[Required work]
Would you please copy each line below that includes the string "floor"?

****

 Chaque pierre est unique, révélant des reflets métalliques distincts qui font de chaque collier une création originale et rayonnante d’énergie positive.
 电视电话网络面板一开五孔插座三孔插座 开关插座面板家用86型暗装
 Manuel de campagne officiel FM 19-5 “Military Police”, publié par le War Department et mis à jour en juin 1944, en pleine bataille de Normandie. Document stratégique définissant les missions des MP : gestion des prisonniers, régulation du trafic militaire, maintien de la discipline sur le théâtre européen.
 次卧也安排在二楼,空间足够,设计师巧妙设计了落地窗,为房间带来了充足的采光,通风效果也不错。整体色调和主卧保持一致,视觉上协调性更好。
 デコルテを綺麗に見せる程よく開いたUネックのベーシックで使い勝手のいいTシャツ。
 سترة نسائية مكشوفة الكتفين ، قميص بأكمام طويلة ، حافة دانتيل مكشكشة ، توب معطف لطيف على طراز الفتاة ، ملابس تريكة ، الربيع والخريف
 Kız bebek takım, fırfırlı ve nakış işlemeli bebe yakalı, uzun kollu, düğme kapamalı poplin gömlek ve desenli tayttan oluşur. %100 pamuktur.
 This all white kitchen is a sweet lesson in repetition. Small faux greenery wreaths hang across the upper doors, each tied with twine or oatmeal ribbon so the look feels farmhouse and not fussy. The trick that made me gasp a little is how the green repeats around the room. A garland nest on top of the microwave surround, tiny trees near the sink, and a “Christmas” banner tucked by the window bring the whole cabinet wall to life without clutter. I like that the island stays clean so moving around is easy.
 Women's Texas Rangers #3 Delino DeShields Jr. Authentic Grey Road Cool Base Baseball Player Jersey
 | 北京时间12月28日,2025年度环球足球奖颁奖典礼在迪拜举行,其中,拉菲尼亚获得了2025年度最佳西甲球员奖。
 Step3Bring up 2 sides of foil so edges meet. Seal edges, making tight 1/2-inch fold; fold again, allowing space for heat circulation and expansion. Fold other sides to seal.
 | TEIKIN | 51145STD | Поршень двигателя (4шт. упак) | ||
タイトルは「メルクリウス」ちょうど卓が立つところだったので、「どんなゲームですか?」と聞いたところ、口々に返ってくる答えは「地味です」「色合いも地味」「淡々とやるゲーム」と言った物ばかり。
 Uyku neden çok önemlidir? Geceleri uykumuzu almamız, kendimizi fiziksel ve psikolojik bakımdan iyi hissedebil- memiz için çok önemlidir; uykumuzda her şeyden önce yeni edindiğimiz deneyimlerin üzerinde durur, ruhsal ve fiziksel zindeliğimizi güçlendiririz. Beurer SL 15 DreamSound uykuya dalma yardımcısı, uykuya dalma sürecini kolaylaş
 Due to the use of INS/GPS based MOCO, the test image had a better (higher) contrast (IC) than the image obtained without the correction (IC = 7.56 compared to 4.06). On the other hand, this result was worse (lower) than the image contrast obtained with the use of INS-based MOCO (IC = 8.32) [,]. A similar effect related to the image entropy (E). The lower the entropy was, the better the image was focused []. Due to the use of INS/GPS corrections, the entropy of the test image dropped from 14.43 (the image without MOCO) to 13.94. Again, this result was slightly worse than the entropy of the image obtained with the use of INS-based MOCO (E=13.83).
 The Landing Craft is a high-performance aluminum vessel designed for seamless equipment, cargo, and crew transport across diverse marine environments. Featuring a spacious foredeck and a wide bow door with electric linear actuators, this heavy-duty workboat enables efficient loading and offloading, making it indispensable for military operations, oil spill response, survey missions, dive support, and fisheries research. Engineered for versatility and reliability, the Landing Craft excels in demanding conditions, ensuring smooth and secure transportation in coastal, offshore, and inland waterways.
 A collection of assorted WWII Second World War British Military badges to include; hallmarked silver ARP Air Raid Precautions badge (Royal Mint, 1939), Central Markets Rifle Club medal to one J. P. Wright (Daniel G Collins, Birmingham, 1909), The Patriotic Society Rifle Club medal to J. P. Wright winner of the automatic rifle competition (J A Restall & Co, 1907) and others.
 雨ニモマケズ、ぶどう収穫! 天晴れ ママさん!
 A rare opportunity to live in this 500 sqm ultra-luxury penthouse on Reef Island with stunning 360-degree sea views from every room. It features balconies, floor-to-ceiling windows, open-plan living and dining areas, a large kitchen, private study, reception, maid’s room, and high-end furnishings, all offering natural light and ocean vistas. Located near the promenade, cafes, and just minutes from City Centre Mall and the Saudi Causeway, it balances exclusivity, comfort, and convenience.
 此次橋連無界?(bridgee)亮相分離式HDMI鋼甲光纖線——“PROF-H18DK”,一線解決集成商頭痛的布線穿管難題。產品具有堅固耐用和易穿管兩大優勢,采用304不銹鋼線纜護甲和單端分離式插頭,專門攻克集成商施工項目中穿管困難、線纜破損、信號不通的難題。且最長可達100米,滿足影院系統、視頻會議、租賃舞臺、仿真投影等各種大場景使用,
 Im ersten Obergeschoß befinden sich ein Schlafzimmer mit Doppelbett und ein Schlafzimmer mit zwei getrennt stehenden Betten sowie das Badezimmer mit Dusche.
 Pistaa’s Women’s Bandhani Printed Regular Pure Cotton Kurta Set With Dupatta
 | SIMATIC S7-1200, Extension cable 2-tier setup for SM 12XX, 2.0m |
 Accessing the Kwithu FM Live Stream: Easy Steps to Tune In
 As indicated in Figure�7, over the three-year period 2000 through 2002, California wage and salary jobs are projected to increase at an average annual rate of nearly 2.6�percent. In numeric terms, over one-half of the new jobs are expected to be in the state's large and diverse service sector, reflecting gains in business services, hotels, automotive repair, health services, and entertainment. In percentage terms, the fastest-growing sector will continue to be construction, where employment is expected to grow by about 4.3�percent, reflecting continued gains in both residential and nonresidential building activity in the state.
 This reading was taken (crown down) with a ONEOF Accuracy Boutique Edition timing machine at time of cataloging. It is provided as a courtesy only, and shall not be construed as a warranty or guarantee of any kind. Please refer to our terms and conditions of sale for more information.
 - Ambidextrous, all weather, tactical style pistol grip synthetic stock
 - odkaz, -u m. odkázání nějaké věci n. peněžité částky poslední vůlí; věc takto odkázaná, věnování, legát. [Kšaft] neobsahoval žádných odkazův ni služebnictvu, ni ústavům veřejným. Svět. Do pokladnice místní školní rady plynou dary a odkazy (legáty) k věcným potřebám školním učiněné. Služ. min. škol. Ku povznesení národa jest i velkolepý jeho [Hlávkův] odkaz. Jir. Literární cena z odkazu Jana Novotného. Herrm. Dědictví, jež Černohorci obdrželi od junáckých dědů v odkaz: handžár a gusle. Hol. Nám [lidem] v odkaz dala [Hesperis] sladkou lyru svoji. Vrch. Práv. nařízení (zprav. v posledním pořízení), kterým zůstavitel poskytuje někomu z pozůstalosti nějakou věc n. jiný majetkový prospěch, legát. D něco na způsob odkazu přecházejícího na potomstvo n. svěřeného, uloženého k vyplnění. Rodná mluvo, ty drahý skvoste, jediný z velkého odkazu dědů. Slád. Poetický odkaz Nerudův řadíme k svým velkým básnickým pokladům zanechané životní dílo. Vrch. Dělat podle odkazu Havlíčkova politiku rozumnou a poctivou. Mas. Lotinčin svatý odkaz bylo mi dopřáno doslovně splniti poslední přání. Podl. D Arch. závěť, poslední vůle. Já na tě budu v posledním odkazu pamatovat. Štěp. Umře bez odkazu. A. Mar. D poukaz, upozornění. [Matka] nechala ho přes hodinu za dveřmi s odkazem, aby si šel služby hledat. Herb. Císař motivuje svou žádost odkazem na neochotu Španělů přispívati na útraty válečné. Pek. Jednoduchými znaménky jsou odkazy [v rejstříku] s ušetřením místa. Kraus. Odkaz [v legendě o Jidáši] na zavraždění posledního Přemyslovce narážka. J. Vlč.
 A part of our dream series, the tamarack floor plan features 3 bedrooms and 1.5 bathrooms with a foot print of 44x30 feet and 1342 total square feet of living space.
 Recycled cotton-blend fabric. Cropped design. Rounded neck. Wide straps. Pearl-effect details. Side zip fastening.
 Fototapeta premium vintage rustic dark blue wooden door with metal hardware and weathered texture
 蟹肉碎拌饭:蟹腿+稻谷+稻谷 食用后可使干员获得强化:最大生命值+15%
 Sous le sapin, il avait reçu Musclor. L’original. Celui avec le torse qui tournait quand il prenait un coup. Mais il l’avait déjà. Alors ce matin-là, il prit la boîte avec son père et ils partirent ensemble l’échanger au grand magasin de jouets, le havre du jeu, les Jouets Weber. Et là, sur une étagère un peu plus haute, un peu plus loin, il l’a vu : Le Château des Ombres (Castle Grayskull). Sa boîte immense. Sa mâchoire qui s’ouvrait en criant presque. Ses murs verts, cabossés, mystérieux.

****

[Solution below]
 A rare opportunity to live in this 500 sqm ultra-luxury penthouse on Reef Island with stunning 360-degree sea views from every room. It features balconies, floor-to-ceiling windows, open-plan living and dining areas, a large kitchen, private study, reception, maid’s room, and high-end furnishings, all offering natural light and ocean vistas. Located near the promenade, cafes, and just minutes from City Centre Mall and the Saudi Causeway, it balances exclusivity, comfort, and convenience.
 A part of our dream series, the tamarack floor plan features 3 bedrooms and 1.5 bathrooms with a foot print of 44x30 feet and 1342 total square feet of living space.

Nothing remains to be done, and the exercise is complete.